Strafverfahren gegen HIV-Infizierte.
Unter besonderer Berücksichtigung der Situation jugendlicher Beschuldigter.
Katharina Franck
Infektionswege und Infektionsrisiken der Immunschwächekrankheit Aids sind heute bekannt. Dennoch stellt Aids Staat und Gesellschaft weiterhin vor große Herausforderungen, gerade weil auch die neuen Kombinationstherapien nicht das „Ende von Aids“ gebracht haben. Die Autorin behandelt die Probleme, denen sich die Strafjustiz in diesem Zusammenhang stellen muß. Besonderes Augenmerk gilt dabei der Situation jugendlicher Beschuldigter.
Die gesellschaftliche Auseinandersetzung mit Aids berührt zwangsläufig Tabuthemen wie Sexualität, Infektiosität und Todesangst. Auch hat Aids den Problemkreis der Drogensucht erneut in den Vordergrund gesellschaftlicher Diskussion gerückt und sich vor allem in der Methadon-Debatte als Beschleunigungsfaktor erwiesen. Aids-Hilfen haben ein erhebliches Gewicht erlangt und sind zu einer unverzichtbaren Säule des Gesundheitssystems geworden.
Stand zu Beginn der Epidemie noch die Strafbarkeit ungeschützter Sexualkontakte HIV-Infizierter im Mittelpunkt der Diskussion, hat sich diese inzwischen auf die Probleme der Rechtsfolgenseite verlagert.

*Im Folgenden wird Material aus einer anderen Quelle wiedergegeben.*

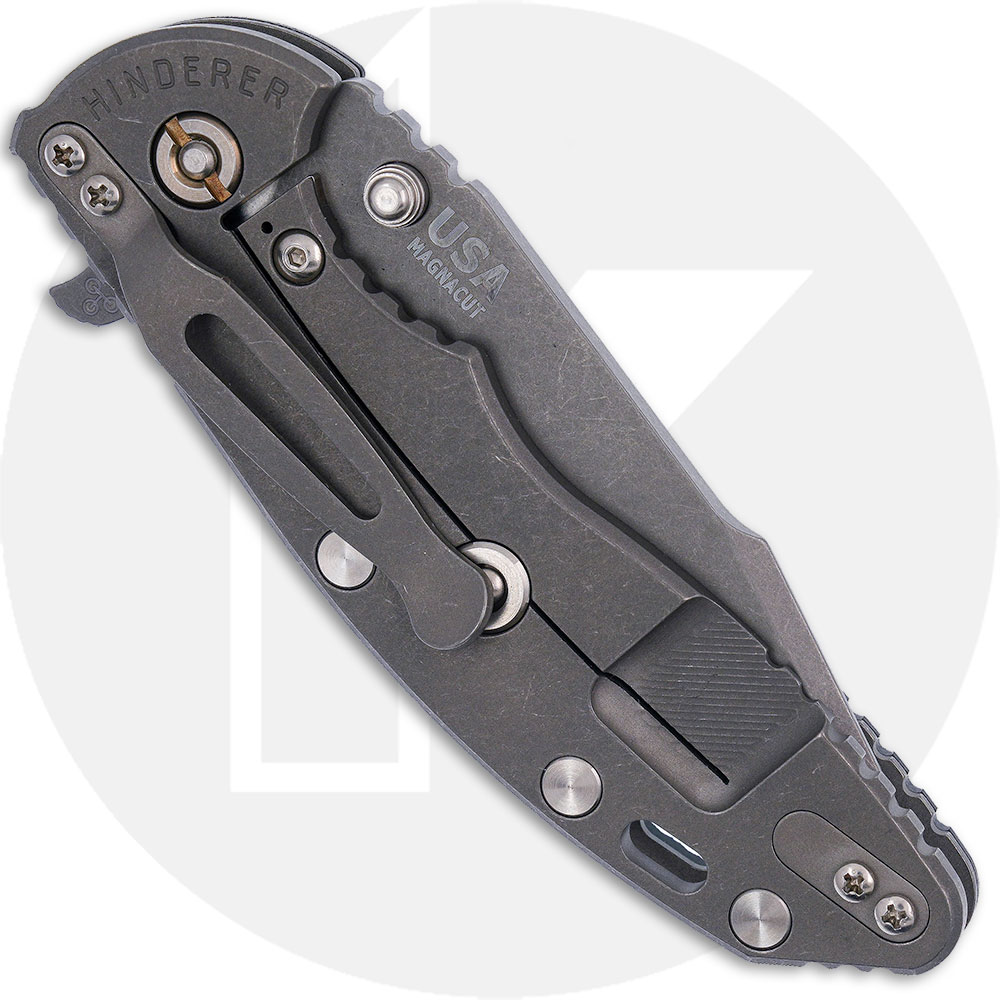 This XM-18 3.5 Inch features a 3.5-inch skinny harpoon spanto blade made of MagnaCut stainless steel, .140-inch thick, with a working finish, a notched thumb rest for secure purchase, a press fit ambidextrous thumb stud that locks up against the frame for superior strength against sideways torque, and a flipper for fast opening. The ergonomic handle, 4.75-inches closed, has the innovative Tri-Way Pivot System that enables the end user to switch between nylon teflon, phosphorus bronze and ball bearing pivot as needed or preferred. The XM-18 3.5 has a non lock side with titanium liner and textured blue/black G10 scale for secure grip, CNC machined working finish 6AL4V titanium back with sturdy frame lock and Hinderer Lockbar Stabilizer, open frame construction with large standoffs for strength and ease of cleaning, a lanyard hole and an end to end reversible pocket clip. The Hinderer XM-18 3.5 Inch Skinny Harpoon Spanto model has an overall open length of 8.25-inches, and it weighs 5 ounces. Proudly made in the USA.

Dem Strafrichter stellt sich das Problem, daß auch „kürzere“ Freiheitsstrafen für den HIV-infizierten Angeklagten im Zweifel „lebenslang“ bedeuten können.
Steht ein HIV-infizierter Angeklagter vor Gericht, zieht sich Aids wie ein roter Faden durch das gesamte Strafverfahren. Eine nur juristische Sicht kann die Dimensionen von Aids dabei nur unzureichend erfassen. Diese Defizite aufzufangen, ist Aufgabe der sozialen Dienste in der Strafjustiz. Aber auch Aids- und Drogenberater in freier Trägerschaft spielen in einem Strafverfahren gegen einen HIV-Infizierten eine Rolle. Für den Aidsberater, dem de lege lata kein Zeugnisverweigerungsrecht zusteht, ist dies nicht unproblematisch.
Die Aids-Problematik trifft auf den Strafvollzug mit besonderer Vehemenz. Die Probleme des illegalen Drogenkonsums werden in der geschlossenen Gesellschaft der Haftanstalten reproduziert und verschärft. Die Notwendigkeit, den durch den Drogenkonsum bedingten vollzugsspezifischen Infektionsrisiken vorzubeugen, trifft auf die Zielvorstellung eines drogenfreien Strafvollzugs.